Maybe Libor Hajek wins the job on the third pair. He looked capable in his brief cameo before a separated shoulder ended his season. The 21-year old Czech scored his first NHL goal in five games after being recalled from Hartford. The 6-2, 204 pound left defenseman has the right combo of size, skating and skill to become a good player. He came over with Brett Howden and Vladislav Namestnikov in the blockbuster trade with Tampa involving Ryan McDonagh and J.T. Miller. A deal that also netted top D prospect K’Andre Miller.
If the Lightning win the Cup this year, the Rangers also receive another first round pick. With the two they already have, that would be the same three they had last year. Maybe even four if Mats Zuccarello can pull off some magic with the playoff bound Stars.
Neal Pionk is a Group II free agent this summer. Even though he’s struggled in the second half since an injury, the organization likes him. In his first full season, the 23-year old right defenseman has achieved career bests in goals (6), assists (19) and points (25). He still turns over the puck too much and isn’t strong enough in front of his net. Areas he must clean up to stick. I’m not sure he’s more than a seventh defenseman. Time will tell.
Ryan Lindgren is the other forgotten young defenseman. Acquired from Boston as part of the Rick Nash deal, the 21-year old has the look of a defensive D who can clear out the front of the net. More physical than Hajek, he’s a former Bruins second round pick selected number 49 overall in 2016. He got into three games with the Blueshirts. He also played for Team USA at the U-20 WJC in ’17 and ’18.
Other young D to keep a close eye on are Nils Lundkvist, Yegor Rykov, Nico Gross, Joey Keane and Brandon Crawley.
Once the season concludes on Saturday, the Rangers can tend to the next order of business. That includes next Tuesday’s NHL Draft Lottery. Even if they’re in the middle of the pack, you never know how the ball will bounce.

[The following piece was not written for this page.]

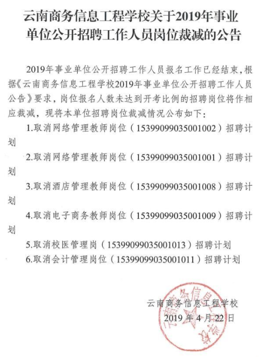 2019年云南商務信息工程學校事業單位招聘崗位裁減公告已公布,

As far as this June in Vancouver, it’s a deep draft that isn’t only about 1A Jack Hughes and 1B Kaapo Kakko. There are other quality prospects to choose from including Vasili Podkolzin, Dylan Cozens, Trevor Zegras, Bowen Byram, Peyton Krebs, Alex Turcotte, Kirby Dach.
Between now, April 9, June 20-21 and July, we’ll learn a lot about the direction of the Rangers. Don’t jump the gun just yet. Be patient.